Pour l’Inde, la signature avec l’UE complète une stratégie déjà amorcée vis-à-vis d’autres partenaires asiatiques et du Golfe. Delhi envoie un double signal. D’une part à l’Occident, qui voit en elle un contrepoids possible à Pékin. D’autre part aux pays du Sud, qui l’observent comme un modèle potentiel de montée en puissance autonome. L’Inde cherche à capitaliser sur son image de « démocratie émergente » pour s’ériger en alternative politique et économique à la Chine, sans se ranger explicitement dans un camp.
La mer Rouge, l’océan Indien et plus largement l’Indo‑Pacifique constituent le théâtre concret de cette recomposition. La France y déploie notamment une stratégie d’influence qui conjugue présence militaire, protection de ses territoires ultramarins et sécurisation des routes commerciales. Dans ce contexte, l’arrimage renforcé de l’Inde au marché européen par la baisse des droits de douane s’insère dans un mouvement plus vaste de rapprochement stratégique entre l’Indo‑Pacifique et l’Europe.
B. Un laboratoire de normes : climat, numérique et conditions de concurrence
Au-delà des tarifs, l’accord Inde-UE se distingue par l’ampleur de ses chapitres : climat, développement durable, travail, égalité femmes-hommes, numérique, propriété intellectuelle. Autant de domaines où l’Union cherche à imposer ses standards, et où l’Inde entend défendre sa marge d’autonomie.
Le Mécanisme d’ajustement carbone aux frontières (CBAM), mis en place par l’UE, illustre bien cette nouvelle grammaire commerciale. En théorie, la baisse des droits de douane sur l’acier, l’aluminium ou certains produits industriels indiens renforce leur compétitivité.
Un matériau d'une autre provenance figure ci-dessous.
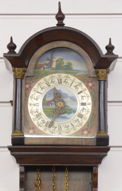 Dutch wall clock with painted arch top dial, silvered Roman chapter ring and cast brass hands, in wooden case with decorated brass inset, 78cm tall together with two further wall clocks including Kienzle c1950 example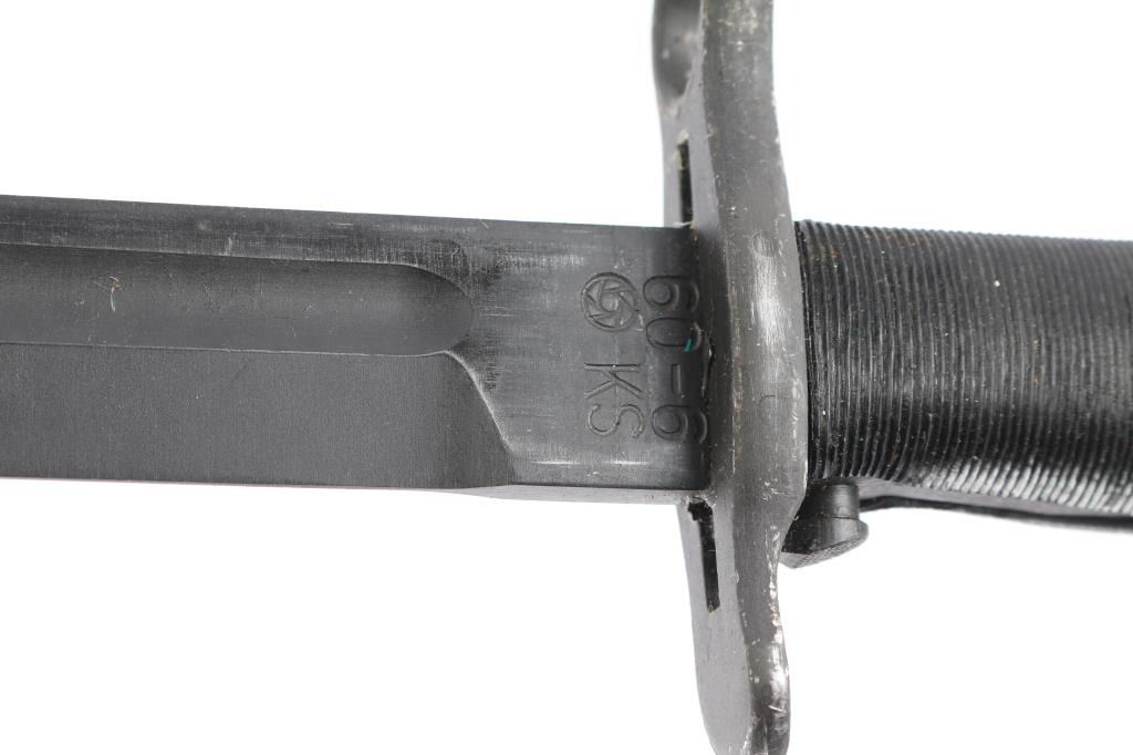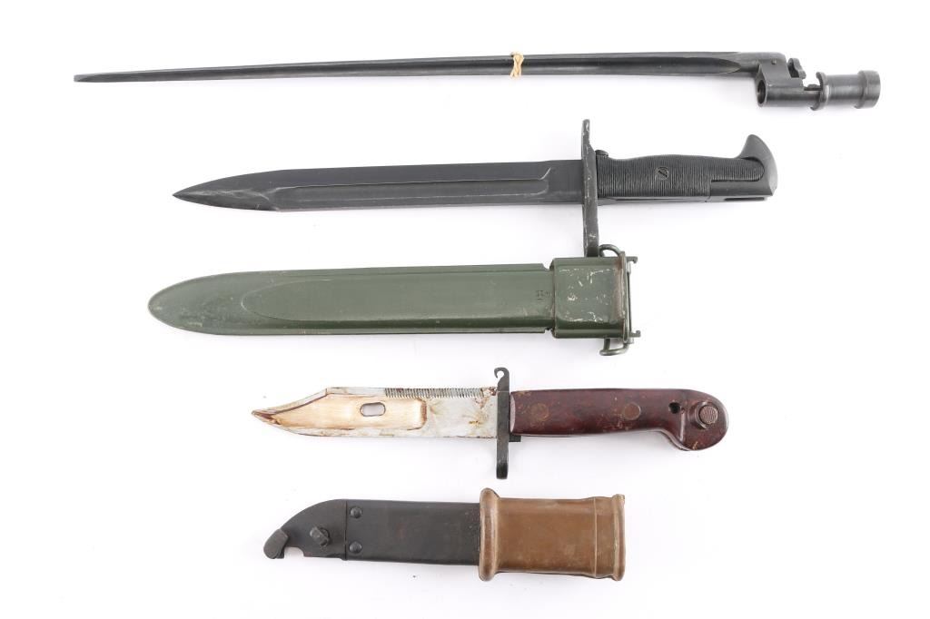 1) Russian Izhevsk Arsenal AKM Type I Bayonet, upgraded AK-47 bayonet, bakelite grips, wire cutter scabbard. Some dried cosmoline on the blade. 2) South Korean M1 Original Korean Army version of the 1943 / 1905 10" blade. Ricasso marked "06-6, KS" with pinwheel symbol. These were imported from the military by Arlington Ordnance years ago. Complete with correct original Korean short scabbard. very Good condition. 3) Russian Mosin-Nagant 91/30 spike bayonet, serial number highlighted in red. Very good condition. Comes with 91/30 rifle cleaning rod.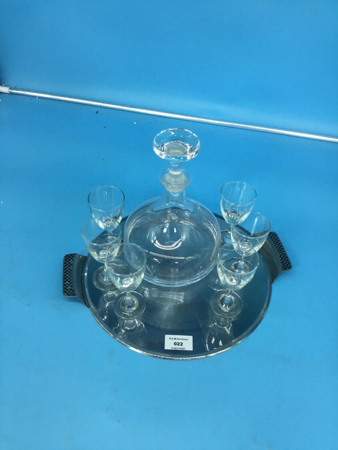 Silver Tray, Decanter and 6 Glasses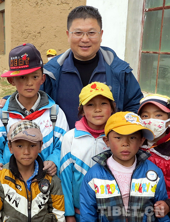 這是中國石化援藏干部王鵬雁與班戈縣小學的學生們合影留念(扎西2013年8月29日攝)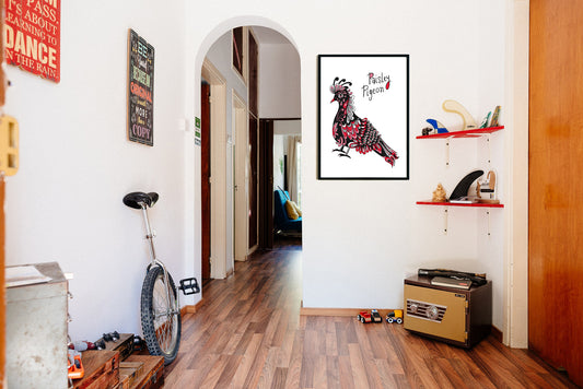 PAISLEY PIGEON A4 illustration - Red/Pink/Black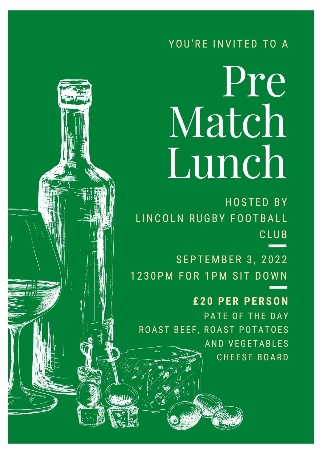 Please book by emailing clubmanager@lincolnrugbyclub.co.uk or calling 01522595523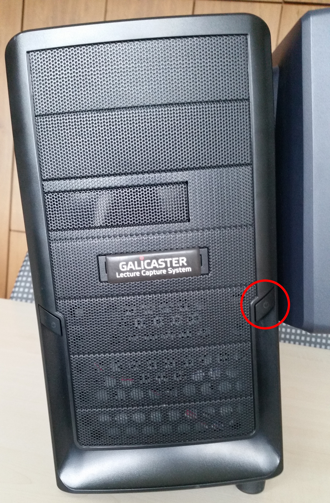 Der Galicaster sollte automatisch hochfahren, falls nicht, vergewissern sie sich, dass der Netzteilschalter an der Rückseite auf 1 (eins) steht und drücken sie den Ein/Ausschalter an der Vorderseite des Geräts.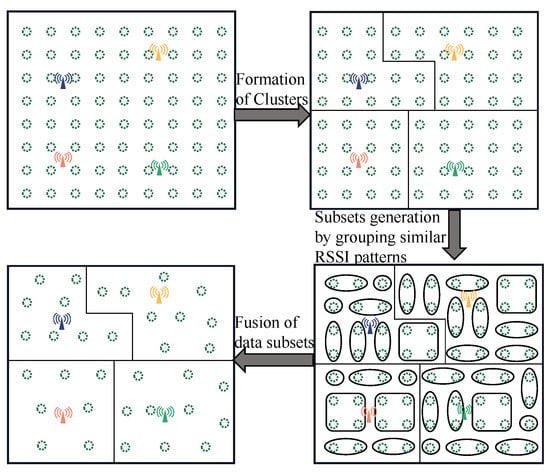 The whole working process when applying the clustering technique of this paper to the localization region of the 4 APs is shown in Figure 2. Either only one RP or multiple RPs are included in each generated subset. The introduced new parameter threshold (denoted as ) sets the upper limit of the Euclidean distance between each pair of RSSI-similar reference points that can be classified as a subset of the same cluster. After fusing the RPs of each subset, the fingerprint database construction is completed. The fingerprint of each subset comprises a representative RSSI vector of that subset and the location coordinates of all points in the subset. The RSSI of all reference points of the subset (such as kth subset in ith cluster) and their position coordinates are averaged and fused separately to obtain the representative RSSI vector. The estimation results of the representative RSSI vector and location coordinates of the subsets are shown below: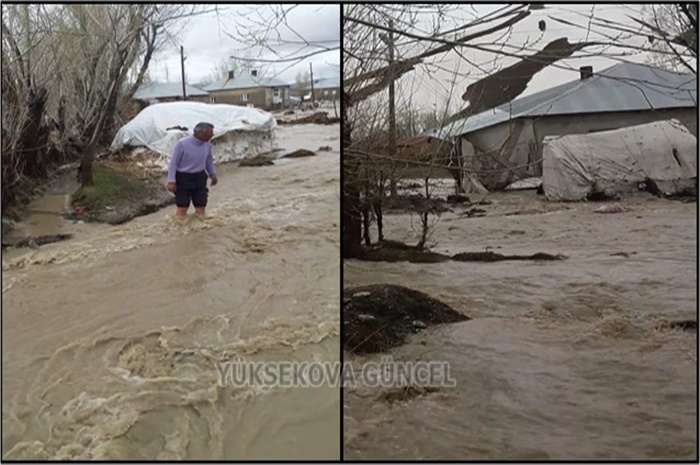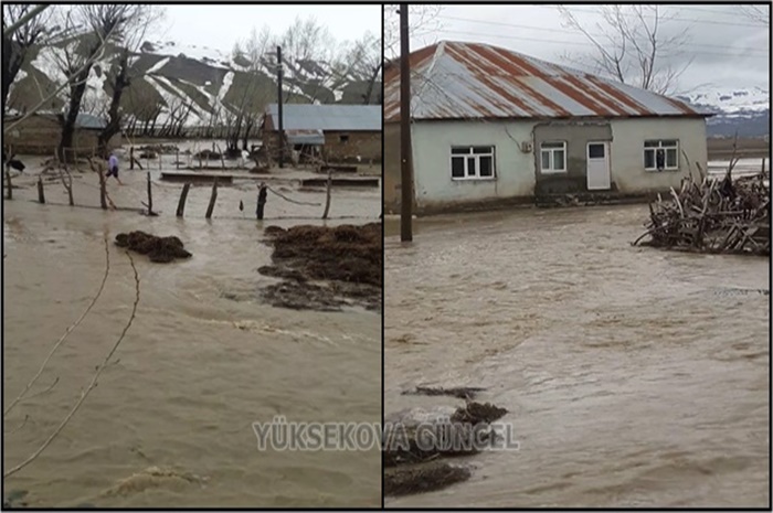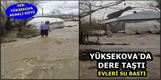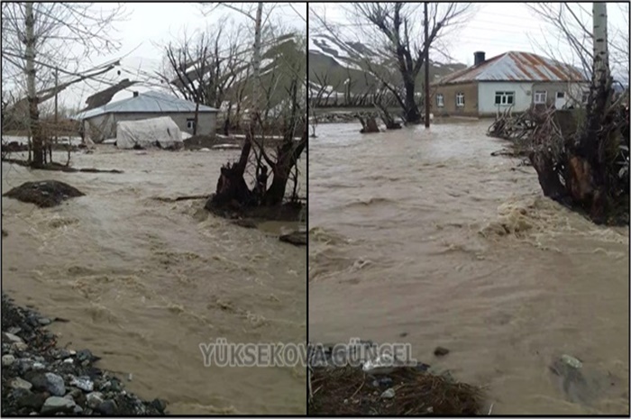 Yüksekova ilçesinde iki gündür etkili olan yağışlar nedeniyle dere taştı, bazı evler sular altında kaldı.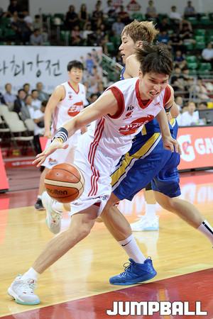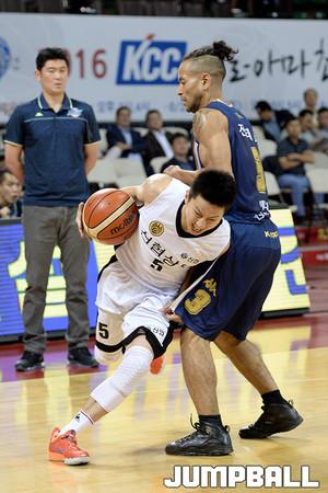 22일 잠실 학생체육관에서 열린 2016 KCC 프로-아마 최강전 KCC - 상무 의 경기, 상무 김시래가 KCC 수비를 피해 3점슛을 시도하고있다.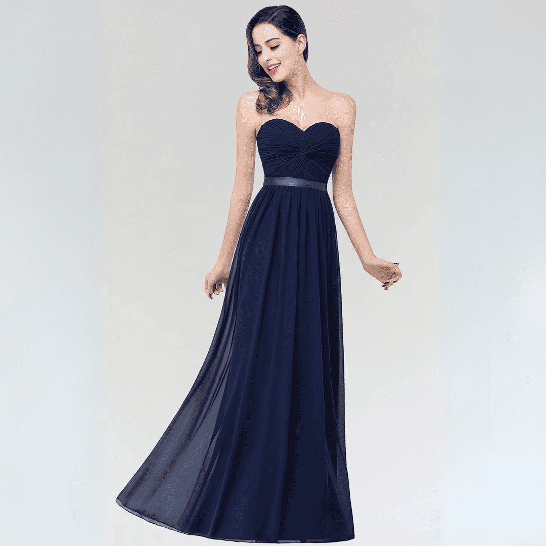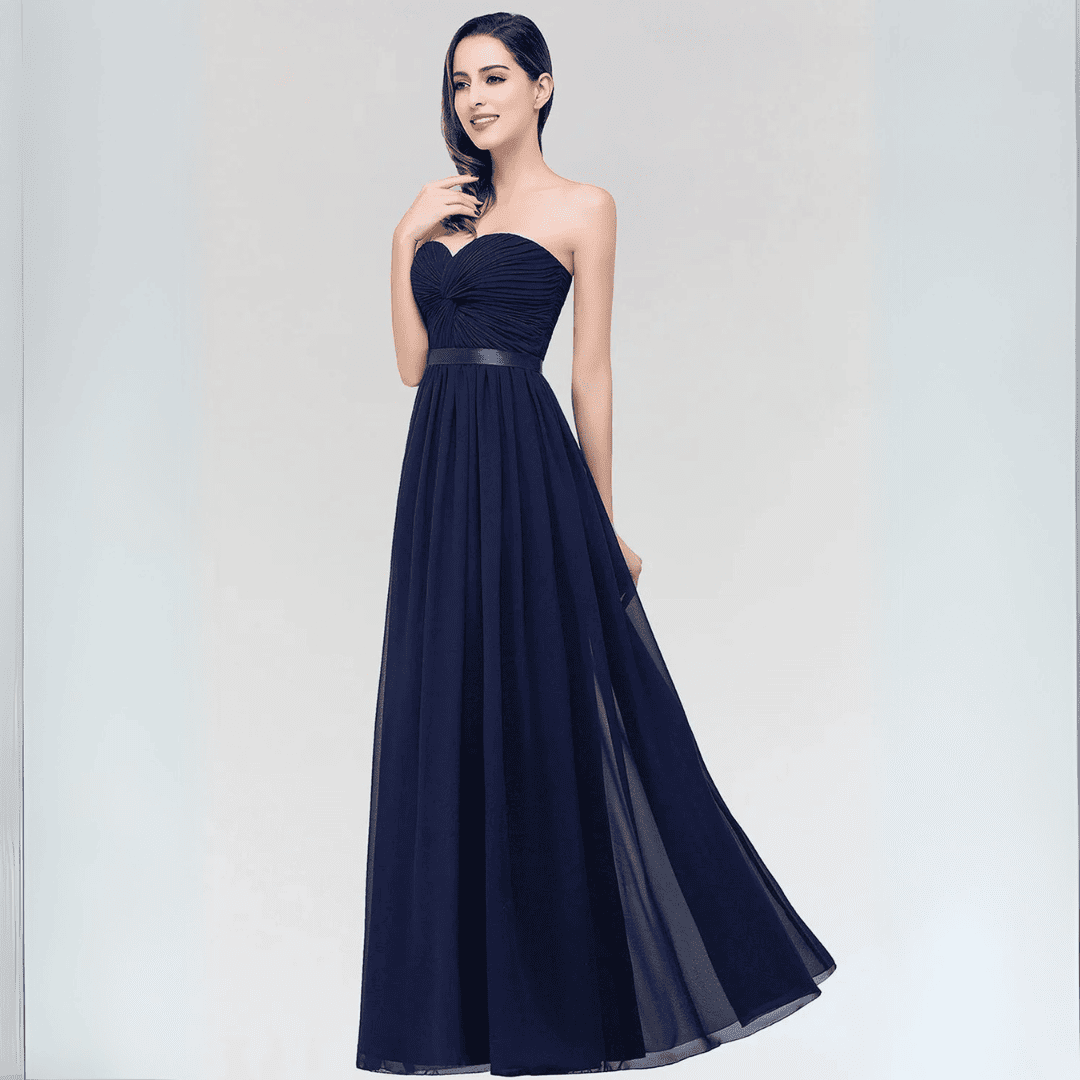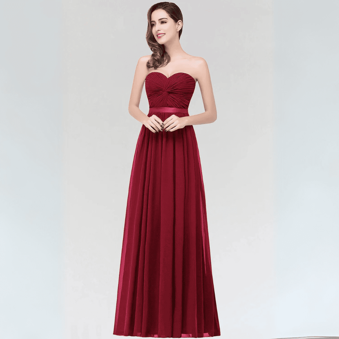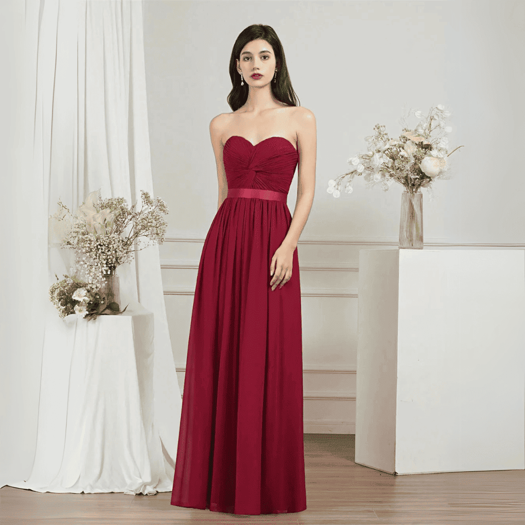 Wejdź w świat elegancji dzięki tej sukni z lekkiego szyfonu bez ramiączek, idealnej dla druhen lub na wieczorowe okazje. Sukienka charakteryzuje się krojem w kształcie litery A, odkrytymi plecami i stylowym paskiem, łącząc w sobie romantyzm i szyk. Dostępna w urzekającym kolorze burgunda oraz innych barwach, zaprojektowana z myślą o wygodzie i swobodnym ruchu.

En pratique, ces gains peuvent être en partie neutralisés par les taxes carbone européennes, si les producteurs indiens restent très émetteurs. L’ouverture tarifaire crée donc une incitation indirecte à verdir les chaînes de production.
Sur le numérique, la confrontation est plus subtile. L’Inde a développé son propre modèle de souveraineté des données et d’encadrement des grandes plateformes. Dans ce domaine, l’accord commercial risque moins d’aligner l’Inde sur le modèle européen que de créer un espace de négociation permanente. Chaque camp devrait tenter de faire reconnaître ses règles comme références pour les pays tiers.
Dans ces domaines, la baisse des droits de douane n’est donc pas une fin en soi, mais un levier d’influence normative. Elle renforce l’interdépendance entre l’Inde et l’UE, tout en créant un espace de compétition silencieuse. Cela passera donc par une concurrence normative en termes de numérique et de climat, deux leviers d’influence importants pour chaque ensemble.
Conclusion
La chute des droits de douane entre l’Inde et l’Union européenne ne se résume ni à une simple histoire de chiffres ni à un geste symbolique. Elle consacre la montée en puissance d’un axe euro‑indien qui cherche à aménager son propre espace de manœuvre dans un monde de plus en plus fragmenté.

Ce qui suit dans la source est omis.